■ How to complete this task ■
Without including any images, output the listing below exactly.

■ Information supplied ■
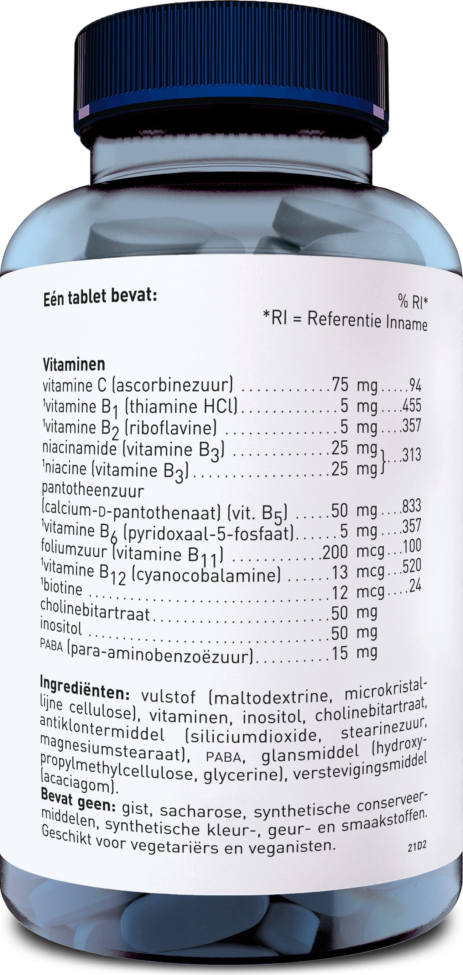 Este complejo vitamínico B combina las vitaminas B1, B2, B3, B5, B6, biotina, ácido fólico y vitamina B12 con vitamina C, colina, inositol y PABA. La vitamina C contribuye al metabolismo energético normal y a la reducción del cansancio y la fatiga. Las vitaminas B B6, B12 y el ácido fólico también contribuyen a la reducción del cansancio y la fatiga, al funcionamiento normal del sistema nervioso y a la formación de glóbulos rojos. Además, las vitaminas B contenidas favorecen el funcionamiento normal del sistema inmunitario.
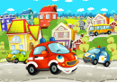 Scène de dessin animé avec des voitures heureuses
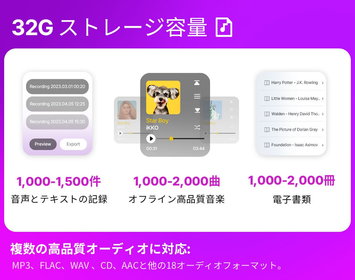A:CAMPFIREバージョンの場合、充電ケースには内蔵の32GBメモリがあり、MP3、FLAC、WAV、CD、AACなど、さまざまな高音質の音楽形式をサポートしています。この容量では、高品質の音楽ファイル500〜2000曲、音声とテキストの記録100件(10分間)、e-book 5,000〜20,000冊を保存することができます。ActiveBudsのご利用をお楽しみいただければ幸いです!
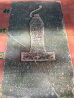 St Albans Cathedral [Map]. Ledger stone originally containing a brass to Mathew Hubbard, Alderman of St Albans, died 11th July 1713 aged 53, and Mary his wife.
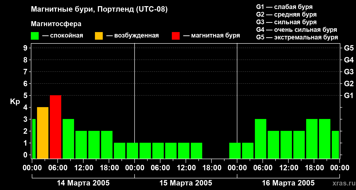 Изменения геомагнитного индекса Kp с 14 по 16 марта 2005 года для средних широт

■ Solution to this task ■
 Este complejo vitamínico B combina las vitaminas B1, B2, B3, B5, B6, biotina, ácido fólico y vitamina B12 con vitamina C, colina, inositol y PABA. La vitamina C contribuye al metabolismo energético normal y a la reducción del cansancio y la fatiga. Las vitaminas B B6, B12 y el ácido fólico también contribuyen a la reducción del cansancio y la fatiga, al funcionamiento normal del sistema nervioso y a la formación de glóbulos rojos. Además, las vitaminas B contenidas favorecen el funcionamiento normal del sistema inmunitario.
 Scène de dessin animé avec des voitures heureuses
A:CAMPFIREバージョンの場合、充電ケースには内蔵の32GBメモリがあり、MP3、FLAC、WAV、CD、AACなど、さまざまな高音質の音楽形式をサポートしています。この容量では、高品質の音楽ファイル500〜2000曲、音声とテキストの記録100件(10分間)、e-book 5,000〜20,000冊を保存することができます。ActiveBudsのご利用をお楽しみいただければ幸いです!
 St Albans Cathedral [Map]. Ledger stone originally containing a brass to Mathew Hubbard, Alderman of St Albans, died 11th July 1713 aged 53, and Mary his wife.
 Изменения геомагнитного индекса Kp с 14 по 16 марта 2005 года для средних широт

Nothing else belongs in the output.